Fig. 2 is an overall architecture design diagram of the AMHB algorithm, and in consideration of compatibility of the AMHB algorithm with a standard WAVE protocol stack, an information interaction module is designed in an application layer and used as a new car networking application to complete data interaction between neighboring nodes. And the information maintenance module is used as a part of the MIB and is responsible for completing maintenance work on the neighbor list, the repeated MH-WSA data table and the repeated MH-WSM data table. The BW-PQ backoff algorithm and the screening algorithm of the relay node are realized in the WSMP protocol flow. The data forwarding module and the BEB back-off algorithm are implemented in the LLC layer and the MAC layer, respectively.
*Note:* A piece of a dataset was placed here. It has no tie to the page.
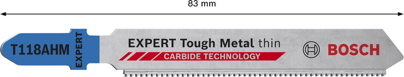 Hält bis zu 50-mal länger als ein Bosch T118G Stichsägeblatt in zähen Materialien - Das Schneiden von Blechen aus Edelstahl ist eine Aufgabe, die Metallarbeiter täglich durchführen müssen. Auch bei der Montage von Küchen und in Industrie- oder Bürogebäuden ist dies üblich. Profis, die diese Arbeit erledigen, benötigen ein Blatt, das zuverlässig ist und weiter funktioniert, damit sie nicht ständig die Blätter austauschen müssen. Das für die härtesten Metalle optimierte EXPERT ‘Stainless Steel’ hat eine Zahnteilung, die der Dicke der Bleche entspricht, mit denen du arbeitet. Die herausragende Lebensdauer dieses Blattes wird durch die Bosch Carbide Technology garantiert. Dabei wird eine Zahnleiste aus dem härtesten Metall auf den Körper lasergeschweißt. Es schneidet die härtesten Bleche äußerst effektiv und bietet die beste Lebensdauer. Das Bosch EXPERT ‘Stainless Steel’ Stichsägeblatt für dünnes Material gibt es in zwei Versionen: Das T118 AHM für sehr dünne Bleche hat eine sehr feine Zahnteilung. Das T118 EHM mit mittelfeinen Zähnen ist daher der beste Wahl für Profis, die dünne Bleche aus hochfestem Stahl oder Rohre mit mittleren bis dünnen Wänden schneiden müssen. Passend für alle T-Schaft-Stichsägen.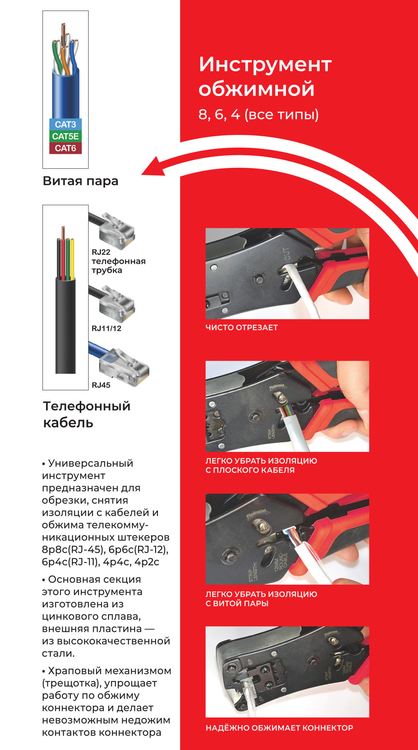 Универсальный инструмент с параллельным типом действия предназначен для обрезки, снятия изоляции с кабелей и обжима телекоммуникационных штекеров (типы штекеров см. ниже)

Fig. 3 and fig. 4 are respectively a flow of sending and receiving a Hello message in a local information interaction process. When the sending node filters the NCN, the sending node needs to know the current position, speed, direction, signal strength and other information of all the neighbor nodes, and the purpose of local information interaction is to complete the information collection of the neighbor nodes, and store the collected neighbor node information into the neighbor list after performing corresponding processing. The Hello message adopts a periodic broadcast mode, and the broadcast period can be adjusted by applying parameters. In addition, since the information interaction is a spontaneous action, in order to avoid unnecessary interaction delay, the sending of the Hello message does not specify a specific channel, that is, the Hello message can be sent no matter in the SCH time slot or the CCH time slot, so that the condition of data failure caused by waiting for channel switching can be reduced.

Fig. 5 and 6 are respectively a flow of MH-WSA packet encapsulation and forwarding, where in forwarding control information carried by an MH-WSA packet, a value of an FCF field is specified by an application layer and is mainly used to identify a packet type and control a forwarding hop count, a Change count field in a source MAC and a packet is used to determine whether a current MH-WSA packet is a duplicate packet, a Hello _ Number and a Candidate _ Number are respectively used to indicate the Number of neighbor nodes of a sending node of the current MH-WSA packet and the Number of selected NCNs, the neighbor MAC sequence refers to a MAC sequence of a neighbor node of the sending node of the current MH-WSA packet, and the previous Candidate _ Number in the sequence is an NCN. These pieces of information are encapsulated in the header extension section of a standard WSA message. The MH-WSA message is responsible for informing all neighbor nodes of NCN information screened by the sending node in a fast forwarding mechanism or a cooperative forwarding mechanism, and the MH-WSA message is also responsible for carrying service data in the fast forwarding mechanism, so that the MH-WSA message is of great importance in the AMHB algorithm for forwarding.

Fig. 7 and 8 are respectively an encapsulation and forwarding flow of an MH-WSM message, where forwarding control information is encapsulated in a header extension field of a standard WSM message, and fields FCF and FEI are specified by an application layer. Besides carrying service data, the MH-WSM message carries an independent forwarding control field inside, and is used for forwarding judgment of response of candidate forwarding nodes. In addition, the MH-WSM message forwarding must comply with the interaction model of the standard WAVE protocol stack, and before forwarding the MH-WSM message, the corresponding MH-WSA message must be forwarded.

The neighbor list is a data table for storing information such as the position, speed, direction, and signal strength of the neighbor node. The data stored in the neighbor list will be used as screening basis and forwarding judgment basis for the NCN. Due to the high-speed mobility of the nodes, the network environments of the nodes at each moment are different, and the neighbor nodes in the communication range are different. Therefore, maintenance of the neighbor list is important. And the overdue data in the neighbor list is deleted in time through a dynamic maintenance means, so that the condition that the neighbor list is continuously enlarged and the efficiency of the AMHB algorithm is influenced is avoided. The maintenance of the neighbor list runs through the whole operation cycle of the node, and the maintenance process mainly comprises the following three aspects:

1) maintenance is performed when data is added or updated: when receiving the Hello message, the node firstly inquires whether a node identified by the Hello message exists in a neighbor list, and deletes outdated data in the inquiry process.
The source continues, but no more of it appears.